Importance  An ongoing global monkeypox virus outbreak in 2022 includes the US and other nonendemic countries. Monkeypox ophthalmic manifestations may present to the ophthalmologist, or the ophthalmologist may be involved in comanagement. This narrative review creates a primer for the ophthalmologist of clinically relevant information regarding monkeypox, its ophthalmic manifestations, and the 2022 outbreak.

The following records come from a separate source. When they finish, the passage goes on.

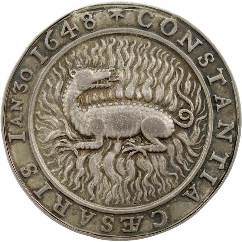 Charles I, Death and Memorial, cast silver medal, 1649, by Thomas Rawlins, bust left, hair long, in falling collar and decorated armour, two roses above, plain in field, SVCCESSOR VERVS VTRISQVE, rev., a salamander amid flames, CONSTANTIA CAESARIS IAN 30 1648, 42mm (MI 341/188; Eim. 157; Platt I, type B, pp. 244-45; Farquhar p. 270). Good very fine with deep tone, rare.
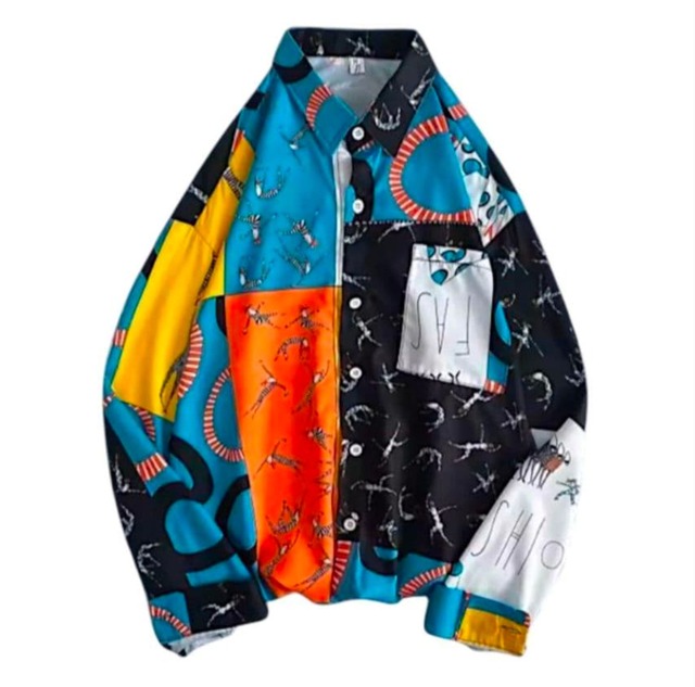 マルチカラー パッチワーク 長袖シャツ メンズ ユニセックス 【商品説明】 ブルー・オレンジ・イエロー・ブラックを大胆に組み合わせた、インパクト抜群のパッチワーク風シャツ。遊び心のあるグラフィックと鮮やかな色使いで、1枚で主役級の存在感を放ちます。ストリートファッション、フェス、イベントなどにぴったり。羽織りとしても使える万能アイテムです。 【サイズ(cm)】 M:肩幅 60 / バスト 120 / 袖丈 59 / 着丈 74 L:肩幅 62.5 / バスト 125 / 袖丈 59.2 / 着丈 75 XL:肩幅 65 / バスト 130 / 袖丈 59.4 / 着丈 76 2XL:肩幅 67.5 / バスト 135 / 袖丈 59.6 / 着丈 77 ※ご購入後にご希望サイズをお伝えください。 (多少の誤差はご了承ください) 【素材】 ポリエステル(軽量・シワになりにくい・速乾性あり) 【おすすめコーデ】 ✔ 黒スキニー+スニーカーでストリート感アップ ✔ 白Tの上に羽織ってカジュアルスタイル ✔ デニムパンツで個性的な古着MIXコーデ ✔ フェスやライブに映える派手コーデにも◎
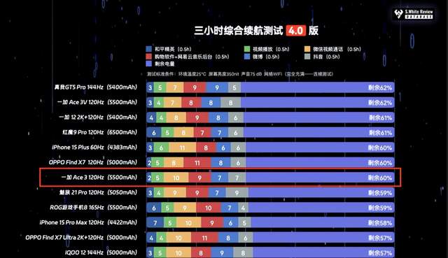 一加Ace 3在续航方面同样表现不俗。它内置了一块5500mAh的大容量电池,足以支撑长时间的使用需求,无论是观看视频、玩游戏还是日常使用,都能保证充足的电量。同时,100W的超级闪充技术让充电变得快速便捷,只需要 25 分钟就能充满整个电池,让综合续航体验更加出色。从小白测评最新的三小时综合续航测试4.0版来看,一加Ace3并列排名第5,续航在同档位应该是第一的。
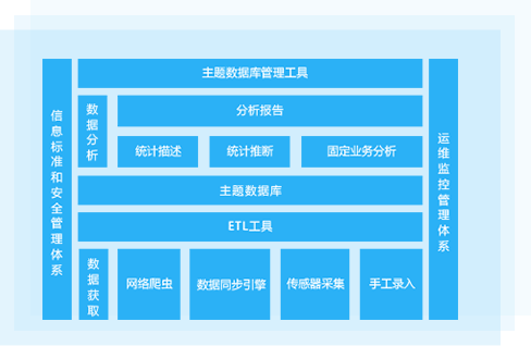 主题数据库包括原数据维护管理,ETL工具(数据抽取、转换、加载),数据维护管理、数据分析工具和系统日志五个部分。该工具为多渠道来源的数据整合,数据存储,数据分析,为数据挖掘提供了高质量的数据基础。
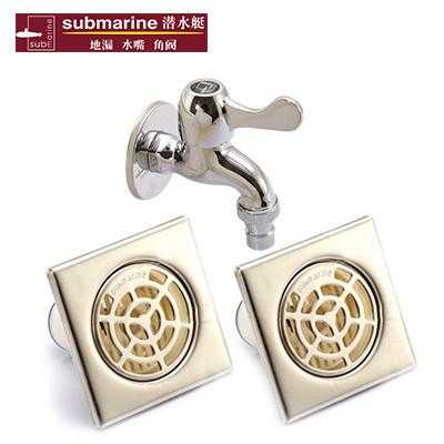 【潜水艇】GF50-10拉丝地漏(2个)+洗衣机水龙头L101X (1个)全铜加厚 新
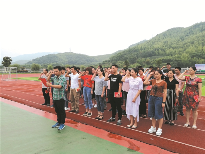 □通讯员 庄林川 王林威 本报讯 近日,莼湖镇组织50余位新进党员听了一堂题为《开启全面从严治党新征程——十八届六中全会精神解读》的党课。 课堂上,区委党校讲师江长军结合十八届六中全会精神,通过鲜活的事例,多方面解读如何作好一名合格的共产党员。课后,新进党员们在党旗下庄严宣誓,宣誓过后还参观了国际灾童教养院史料陈列馆,让新党员更加坚定了为共产主义事业奋斗终身的理想信念。 “这是一次意义深刻的学习教育。”新党员们纷纷如是表示,不忘初心,争做合格党员。 据了解,此次培训,是该镇深入推进“两学一做”学习教育活动的一项内容,旨在帮助新党员进一步加深对党的理论知识和当前形势的了解,提高党员意识和党性观念,增强宗旨意识,确保在以后的工作中能充分发挥党员的先锋模范作用,增强以实际行动践行对党承诺的自觉性和坚定性。 图为党员宣誓现场。
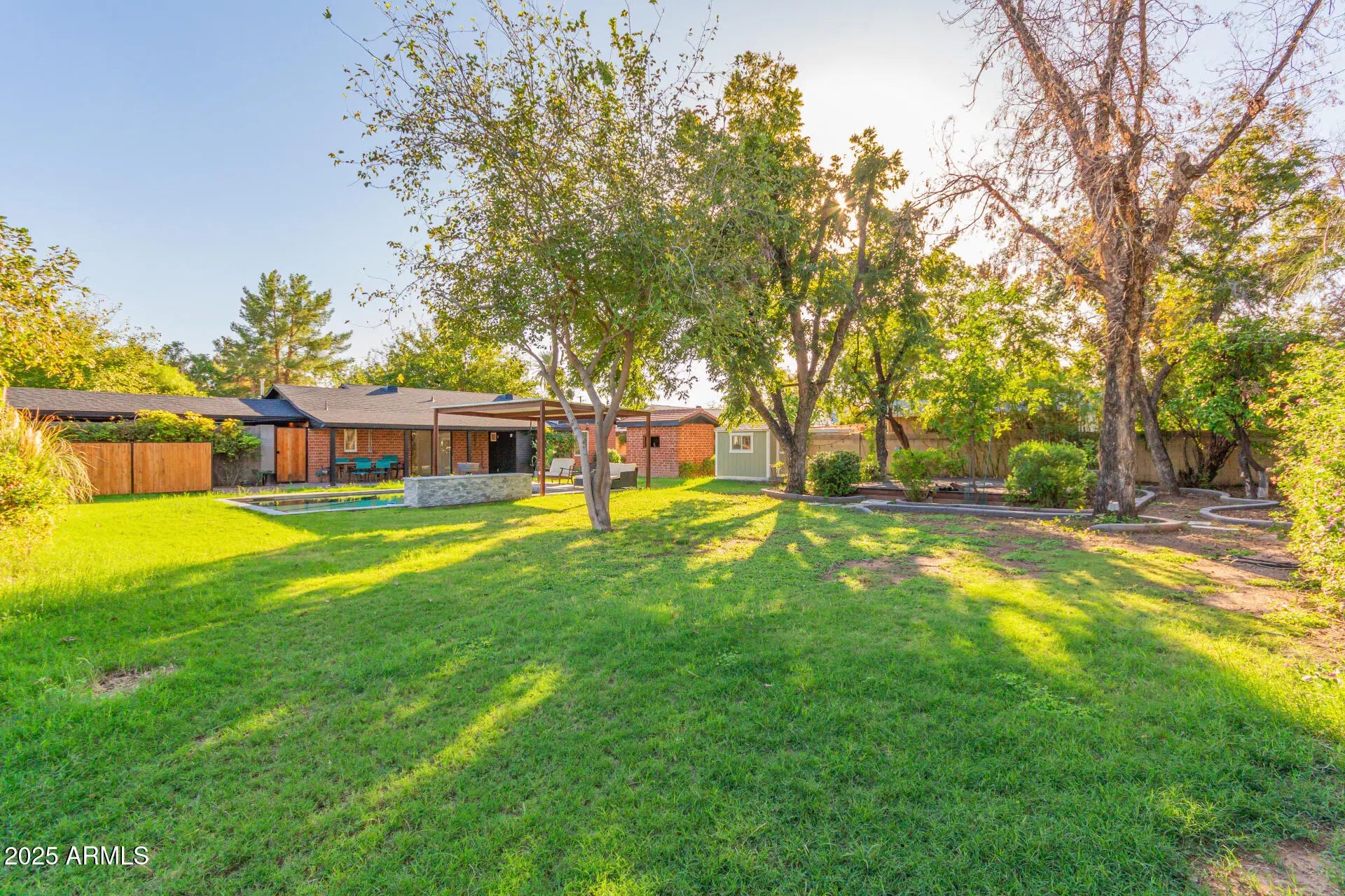 Step into this vintage red brick charmer nestled on an incredible 15,000 sq ft irrigated double lot. You'll love the lush landscape filled with mature citrus and pecan trees—and no HOA! Inside light pours through corner windows, highlighting fresh interior and exterior paint, newer primary roof, and a rebuilt carport with a brand new roof and footers. The backyard is pure MAGIC with a sparkling pool, two sheds, and endless room to play, garden, or entertain. Close to dining, shopping, and the light rail! It's an ABSOLUTE must see!
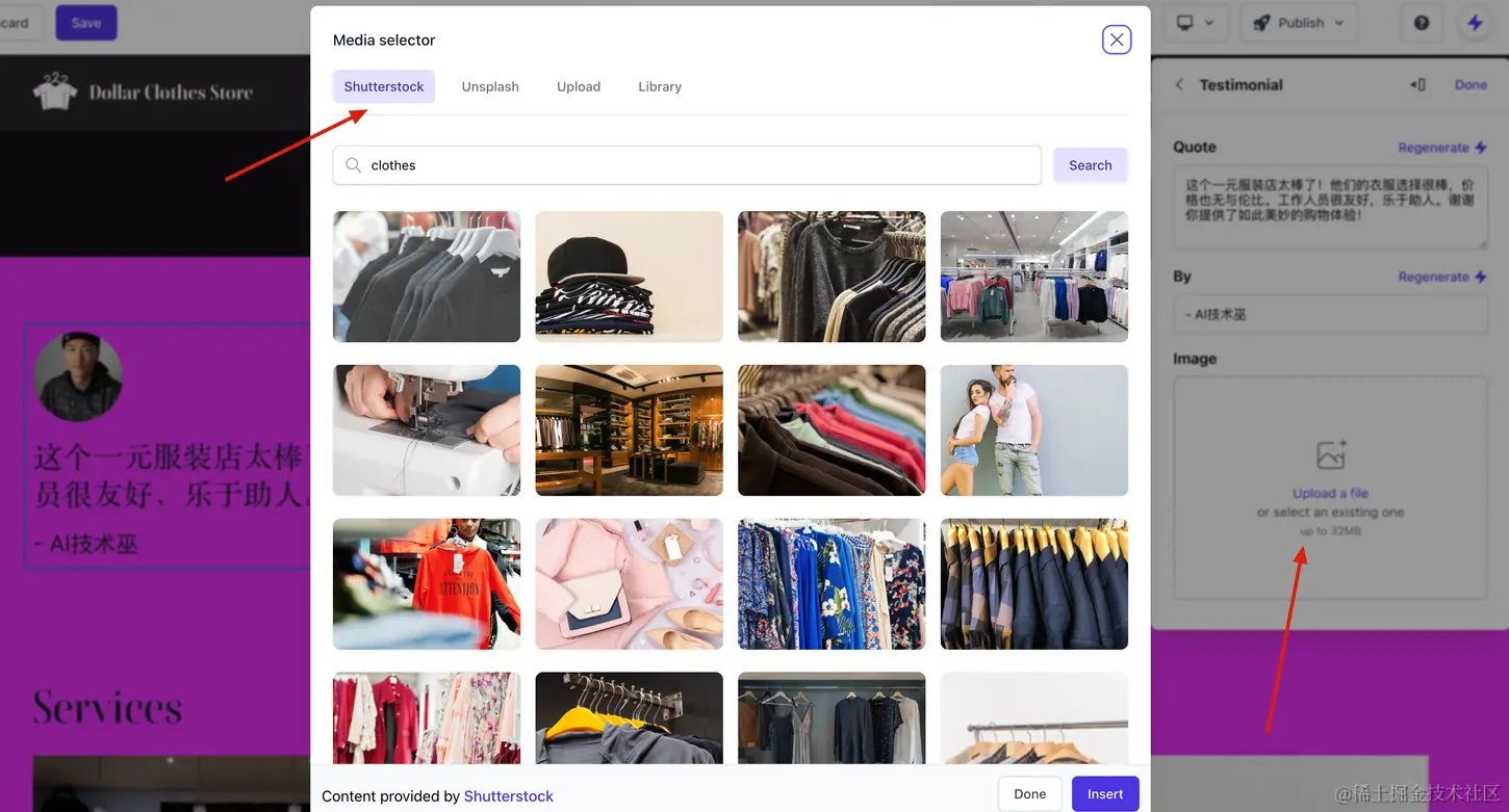 它在给我设计的网站页面中,还包含了一个评论展示的功能,让我觉得更惊艳和贴心的是选择图片的时候还有多种渠道可以选择,而且展示的图片也都是比较贴合主题的
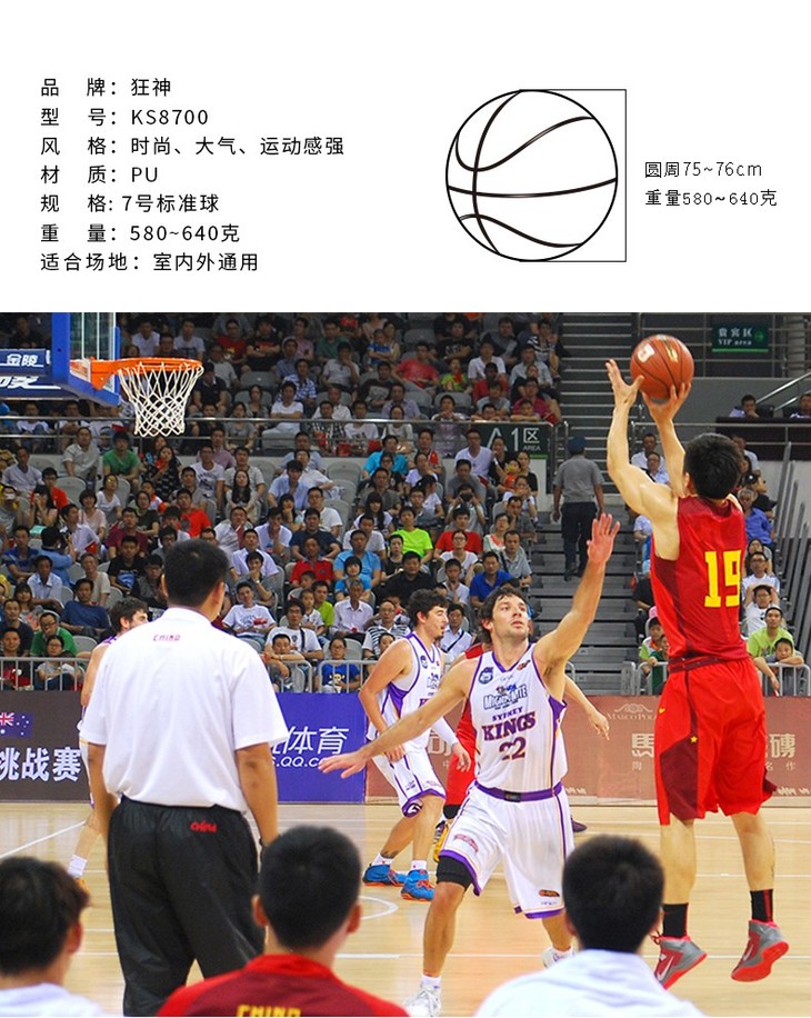 狂神室外水泥地篮球 KS8700 7号成人比赛PU篮球
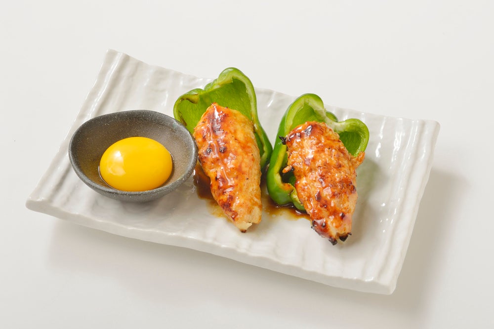 ■メニュー名/月見ピーマンつくね(2本) ■価格/ 509円(税込559円)
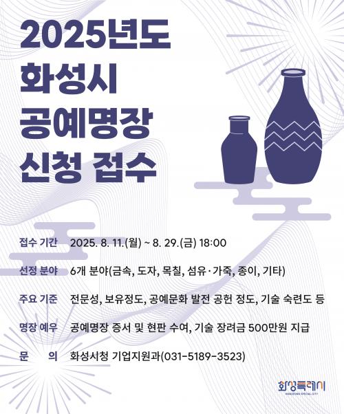 [½Åµ¿¾Æ¹æ¼Û=ÀÌÀçö±âÀÚ] È­¼ºÆ¯·Ê½Ã(½ÃÀå Á¤¸í±Ù)°¡ ÀüÅë °ø¿¹ ±â¼úÀÇ °è½Â°ú ¹ßÀüÀ» À§ÇØ 2025³âµµ È­¼ºÆ¯·Ê½Ã °ø¿¹¸íÀåÀ» ¼±¹ßÇÑ´Ù°í 5ÀÏ ¹àÇû´Ù. ¿ÃÇØ´Â ±Ý¼Ó, µµÀÚ, ¸ñÄ¥, ¼¶À¯¡¤°¡Á×, Á¾ÀÌ, ±âŸ µî 6°³ °ø¿¹ ºÐ¾ß¿¡¼­ ÃÑ 2¸íÀ» ¼±Á¤ÇÑ´Ù. ÀÚ°Ý¿ä°ÇÀÎ ¡ãÇØ¡¦

Observations  Monkeypox virus is an Orthopoxvirus (genus includes variola [smallpox] and vaccinia [smallpox vaccine]). The 2022 outbreak is of clade II (historically named West African clade), specifically subclade IIb. In addition to historic transmission patterns (skin lesions, bodily fluids, respiratory droplets), sexual transmission has also been theorized in the current outbreak due to disproportionate occurrence in men who have sex with men. Monkeypox causes a characteristic skin eruption and mucosal lesions and may cause ophthalmic disease. Monkeypox-related ophthalmic disease (MPXROD) includes a spectrum of ocular pathologies including eyelid/periorbital skin lesions, blepharoconjunctivitis, and keratitis). Smallpox vaccination may reduce MPXROD occurrence. MPXROD seems to be rarer in the 2022 outbreaks than in historical outbreaks. MPXROD may result in corneal scarring and blindness. Historical management strategies for MPXROD include lubrication and prevention/management of bacterial superinfection in monkeypox keratitis. Case reports and in vitro data for trifluridine suggest a possible role in MPXROD. Tecovirimat, cidofovoir, brincidofovir and vaccinia immune globulin intravenous may be used for systemic infection. There is a theoretical risk for monkeypox transmission by corneal transplantation, and the Eye Bank Association of America has provided guidance. Smallpox vaccines (JYNNEOS [Bavarian Nordic] and ACAM2000 [Emergent Product Development Gaithersburg Inc]) provide immunity against monkeypox.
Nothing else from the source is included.